〜業に狂いし杯弓蛇影〜
▮魔王
リヴァイアとシェゾ。
二人の来訪客からもたらされた情報に、私は思わず笑みが浮かんだ。
勇者一行のパーティー構成。
それが明らかになったのだ。
私は詳細を開き、現在のアルカナキャストの進行状況を確認する。
勇者陣営を意味する正位置のタロットが…4つ。
女教皇、力、隠者。そして、正義。
イメージではあるが、女教皇は真なる聖女であるアリアデルだとするならば、力は金竜、隠者がヴァンパイアと見るべきか…。正義は考えるまでもない。
逆に魔王陣営を意味する逆位置のタロットが…7つ。
愚者、魔術師、女帝、恋人、運命の輪、節制。そして、悪魔。
単純に見れば進行状況はこちらが優勢。
しかしながら、要注意は金竜とヴァンパイアの二人。
レベル63のシェゾが手も足も出ないレベルということはレベル70前後が確定…。これは今後奴らと交戦する際には重要なデータになる。
「ふ、フハハハハ…。」
意図せず溢れ出した笑声に、当惑の視線が向けられる中、私は一つの感情に支配されていた。
「生きていたか…。嬉しいぞ。そう来なくては面白くない。」
そう、私の心の中で満ち溢れ、思わず言葉として漏れ出したこの独白は、不俱戴天の敵である勇者プレイヤーの無事を喜ぶものだった。
リヴァイアとシェゾから聞き及んだだけではあるが、ルネリオスでの一事だけを聞いても思った以上にクレバーな相手である。
チュートリアルの際にも、その奇抜さと破天荒さには多少なりとも驚かされたものだが、この私と陣取遊戯をする対戦相手としては申し分ない知略の持ち主ということだ。
柄にもなく高まる高揚感を抑え、視線を上げる。
「貴重な情報感謝する。聞くに二人はエルデガルドでは追われる身、望むのであれば私の庇護の元で匿うことも吝かではない。ラーヴァクラフトでの永住権をもって褒美としたいが、いかがかな?」
私の言葉に、リヴァイアとシェゾは互いに目を合わせる。そして、暫しの沈黙の後、リヴァイアが口を開く。

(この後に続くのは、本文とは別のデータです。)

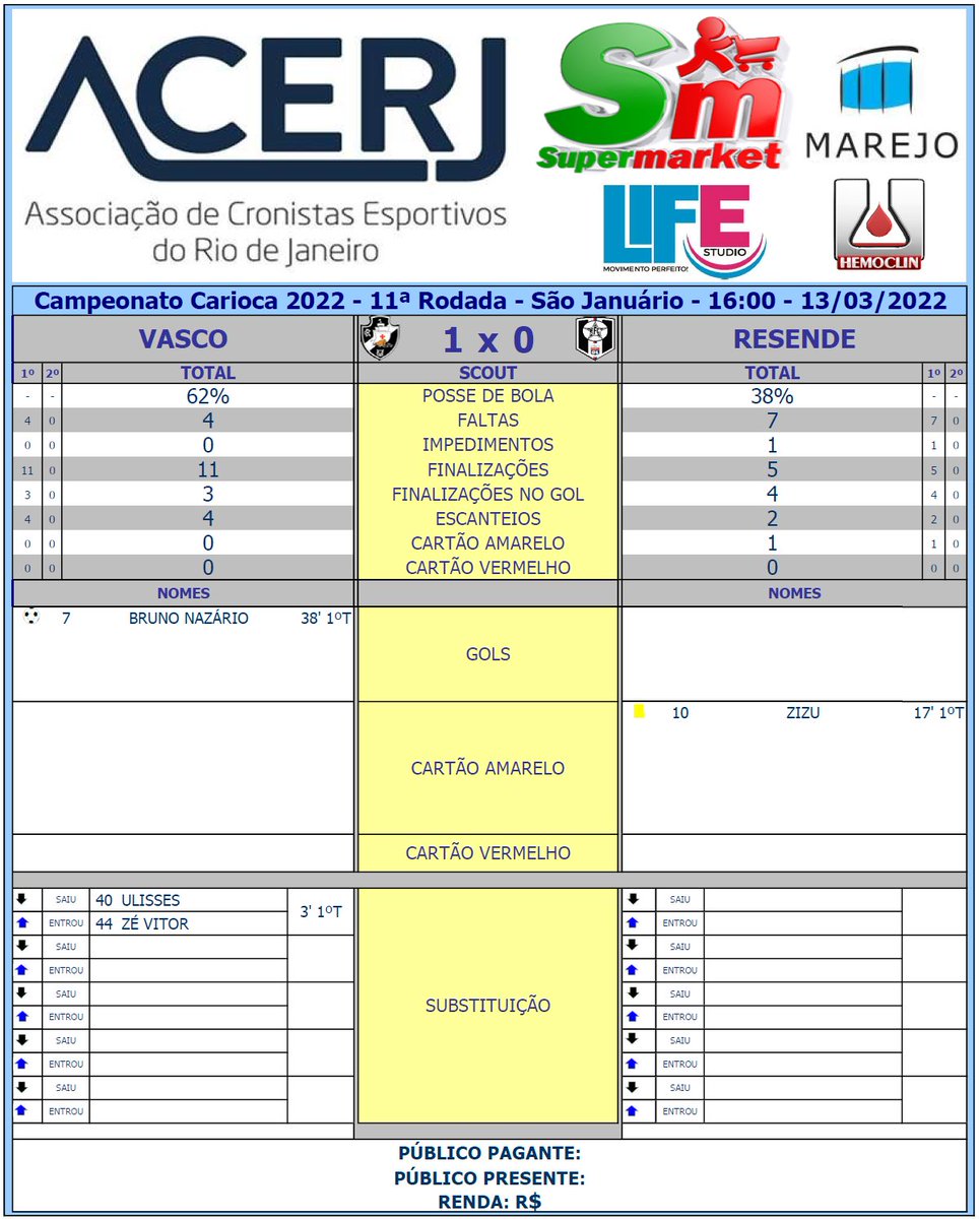 Scout do 1º Tempo de Vasco e Resende pela 11ª Rodada do Campeonato Carioca 2022 em São Januário #Acerjinforma #Cariocao2022 #VASxRES #Vasco #ResendeFC @Cariocao @VascodaGama @Resende_FC
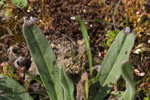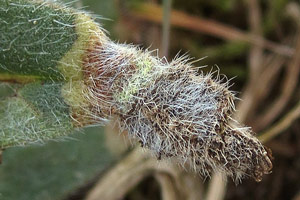 Bemerkenswert ist aber noch die Angabe zu Hieracium, die auf Treitschke (1833: 219-220) und dessen Beschreibung der Ornix struthionipennella zurückgeht. Dort heißt es: "Herr von Tischer beschrieb die Raupe. "Sie ist eine Sackträgerin und wird Ende Mey gefunden. Der Sack ist länglich, oval, seidenartig rauh, silberfarbig, und hat daher die größte Aehnlichkeit mit einem Weidenkätzchen. Die Säcke hängen an den Stengeln verschiedener Pflanzen, wodurch man verleitet werden könnte, alle diese Pflanzen für ihre Nahrung zu halten, welches doch nicht der Fall ist. Ihre wirkliche Futterpflanze, wobey ich das Räupchen im Freyen beobachtet und womit ich mehrere erzogen habe, ist das Mäuseöhrchen, (Hieracium pilosella.)" Die Beschreibung des Kokons passt, aber Hieracium pilosella als Raupennahrungspflanze ist trotzdem - ja gerade deswegen - falsch.
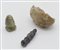 Coppetta ellittica in calcare bianco; pendente conico in pietra verde; pendente a globetti sovrapposti in lapislazzuli. (3)
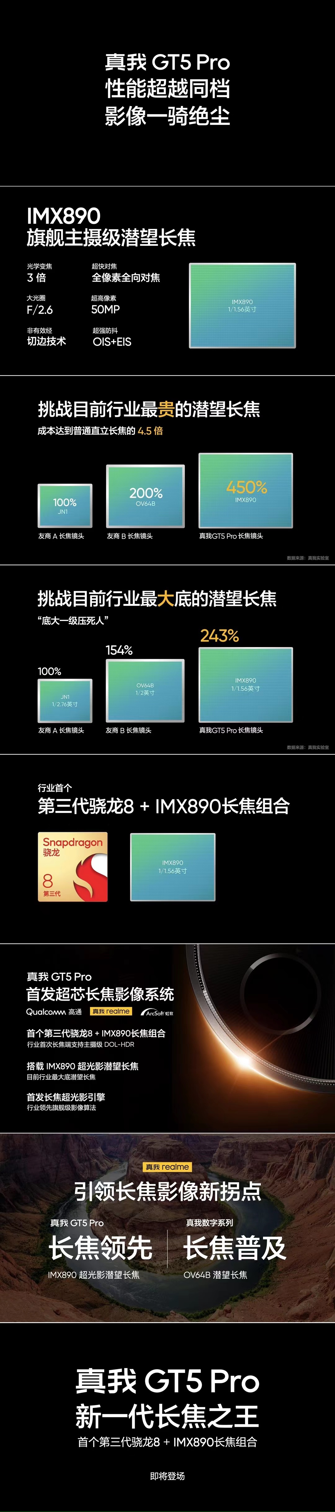 真我GT5 Pro发布在即,第三代骁龙8+IMX890潜望式长焦组合,周五预计上
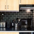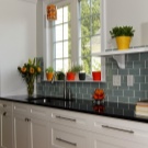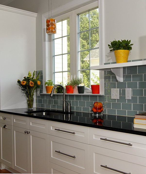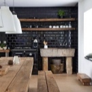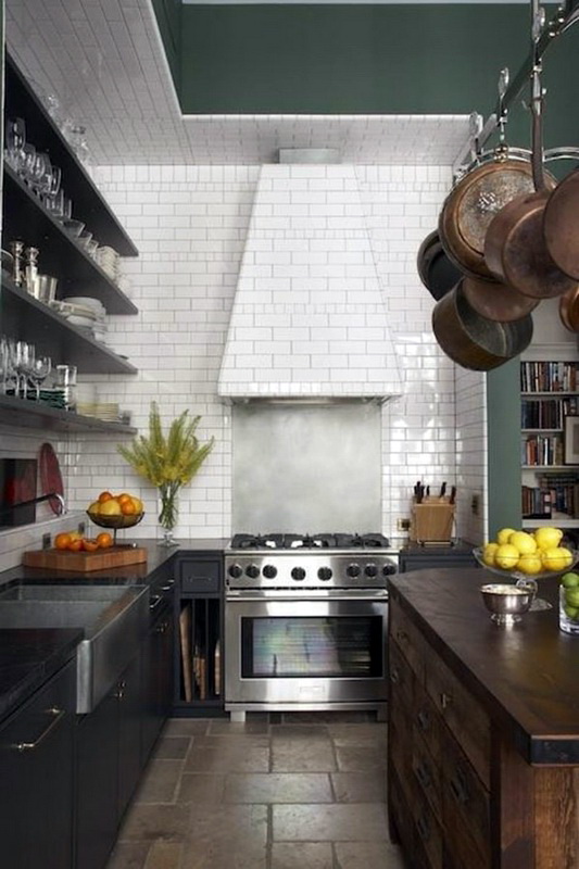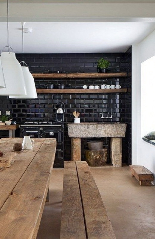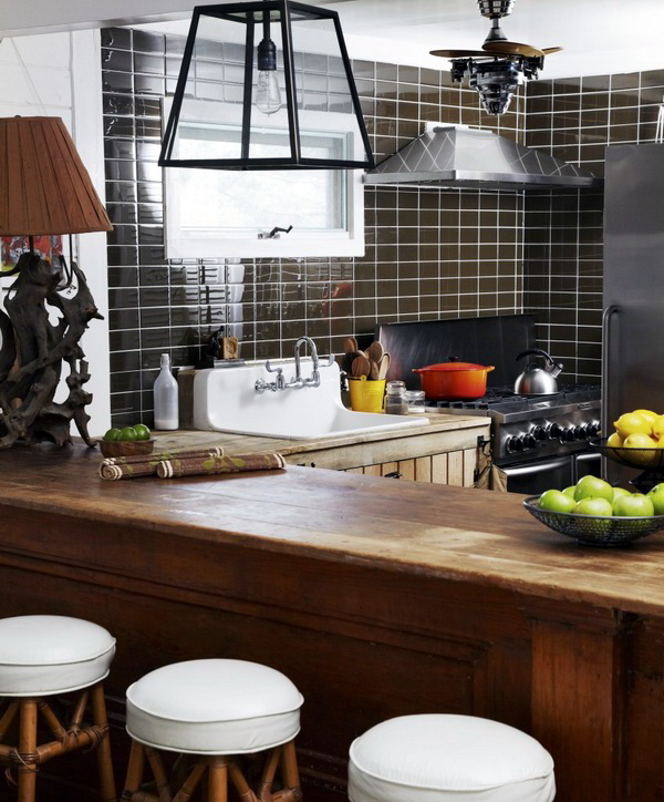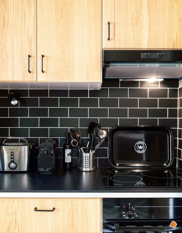 Die mit schwarzem "Hog" verzierte Küche wirkt sehr modern, besonders wenn die Küchenmöbel dazu kontrastieren. Die grüne Fliese wird dem rustikalen Stil entsprechen, man kann über blaue Farbtöne sagen, dass sie hell aussehen und alle Aufmerksamkeit auf sich selbst gerichtet ist. Aber die meisten Hausfrauen bevorzugen elegante und lustige rote Schürzen.
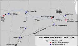 Под руководством Бригама Янга, руководители церкви планировали оставить Наву, штат Иллинойс в апреле 1846 года, но из-за угроз со стороны ополчения штата, они были вынуждены пересечь реку Миссисипи в холодном феврале. В конечном итоге они покинули границы тогдашних Соединённых Штатов, и переселились на территорию, позже ставшую штатом Юта, где основали город Солт-Лейк-Сити.
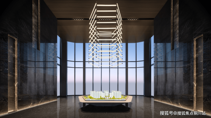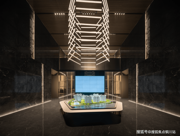 沙盘展示区的设计独具匠心。中空悬吊的大型艺术装置吊灯,灵感源于鸟巢,以几何抽象的当代艺术手法重新演绎,寓意白鹭归巢,心之归所。
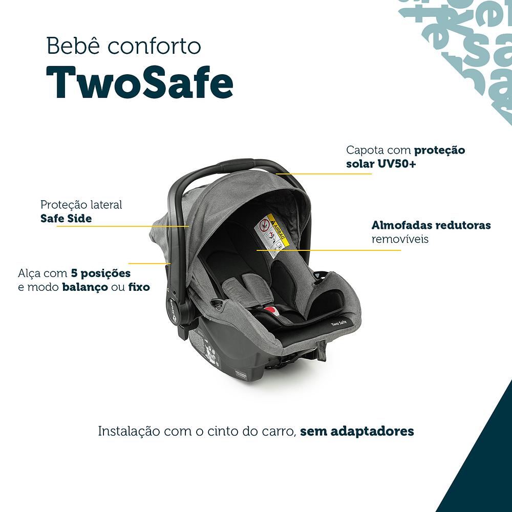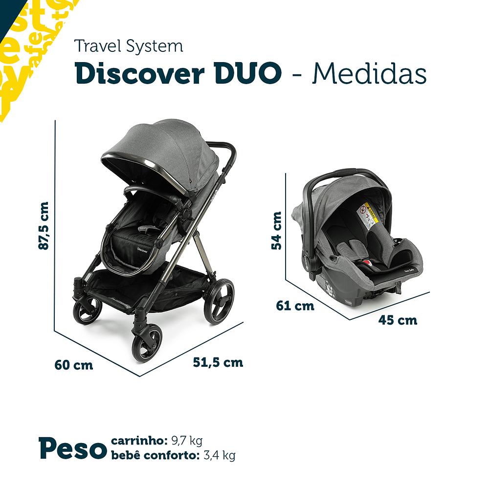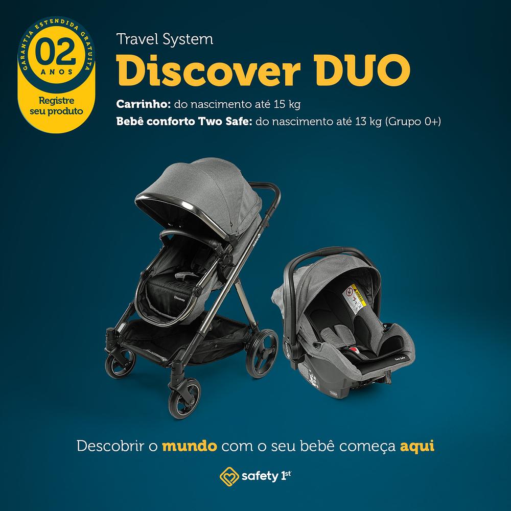 Carrinho com Bebê Conforto Travel System Discover Duo - Safety 1stO Travel System Discover Duo da Safety 1st é a escolha perfeita para quem busca praticidade e segurança desde o nascimento. Combinando carrinho e bebê conforto, ele está pronto para acompanhar todas as aventuras da sua família!Características: • Indicação: Desde o nascimento até aproximadamente 4 anos. • Assento Moisés: Transformável e reversível, ideal para proximidade nos primeiros meses ou autonomia mais tarde. • Fechamento Compacto: Tipo envelope, leve e fácil de manusear. • Capota com Proteção UV50+: Visor peek-a-boo incluído, oferecendo mais conforto e segurança ao ar livre. • Sistema Seguro: Assento do bebê conforto com proteção lateral Safe Side e almofadas redutoras removíveis. • Alça Adaptável: 5 posições, podendo ser utilizada fixa ou no modo balanço. • Instalação Simplificada: Não necessita de adaptadores; usa cinto de segurança do carro.Especificações Técnicas: • Tipo: Carrinho e bebê conforto travel system • Fechamento: Tipo envelope • Capota: UV50+ com visor • Assento: Converte em moisés e é reversível • Cinto de Segurança: 5 pontos com ajuste e protetores acolchoados • Rodas: Suspensão dianteira e traseira para condução suave • Peso do Produto: 11 kg (carrinho) / 3,5 kg (bebê conforto) • Dimensões do Carrinho: 87 x 57 x 106 cm • Dimensões do Bebê Conforto: 63 x 43 x 55 cm • Certificação INMETRO: Normas de Segurança ABNT NBR 14.389 para até 15 kg •Garantia do fornecedor: 12 meses. Escolha o Travel System Discover Duo da Safety 1st e garanta praticidade e segurança em todos os passeios com seu bebê. Aproveite e transforme cada momento em uma nova descoberta!

「まことに…まことに慈悲深き御配慮…感謝の意を伝える言葉も思い浮かびません。そのお申し出、本来ならば即決でお受けしたいのですが…。」
言葉を一度呑み込み、嗚咽を噛み殺したような声で続ける。
「リーヴァは…どうしても諦めきれないのです!あの女を…リーヴァの手で八つ裂きにしてやりたい!どうかリーヴァ達を魔王様の配下に加えてくださいませ!どうか…!!」
「却下だ。」
頭を床に擦りつけながら懇願するリヴァイアに対し、私は無感情に言い放つ。
その言葉に、リヴァイアは目を戦慄かせた。
「な…なぜ…。」
「私と彼らは確かに敵対関係にあるが、私には彼らを殺す意思がないからだ。だからこそ、貴公の殺意に応えられるような職や任務を与えることが出来ない。これで理解してもらえるかな?」
リヴァイアは奥歯を噛みしめ、視線を落とす。
女の嫉妬と執念は恐ろしい。
話を聞けば、完全に逆恨みだ。まあ、それはどうでもいいにしろ、その憎き対象であるアリアデルは十中八九アルカナキャストだ。殺されてはかなわん。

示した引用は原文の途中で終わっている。